New York (HedgeCo.Net) – While many others were off enjoying their vacations this summer, Petra Partners was busy preparing the launch of its latest fund for October 1, 2013. The fund will be credit-focused but will invest primarily in the burgeoning peer-to-peer (or “P2P”) lending space.
“P2P lending has been around for only for a few years (the first P2P business, Zopa, was founded in the UK in 2005 and, since then, many others have entered the space) but, in that time, platforms in the US and Europe have originated more than $3 billion in P2P loans,” said Joshua Rand, COO and Principal of Petra Partners. “Loan origination is currently growing at an average rate of approximately 8% to 10% per month, signifying a market – an asset class, actually – still in its nascent stages and with tremendous upside potential.”

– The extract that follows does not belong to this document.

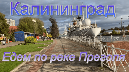Едем на катере с гидом по реке Преголя в Калининграде.

“Moreover, while the sheer scale and growth prospects for this niche are impressive, what makes this asset class extremely compelling as an investment opportunity – and the primary reason for which we are eager to raise a fund – is the consistent performance of the loans and the diligent manner in which they are originated.” Rand said.
The new fund has a 9%-12% net return target and Petra Partners anticipates both very low standard deviation and very little volatility, which they believe, according to Rand, “is especially compelling in a ‘ZIRP’ world where people have been forced to be creative and look further afield in search of attractive, sustainable yield.”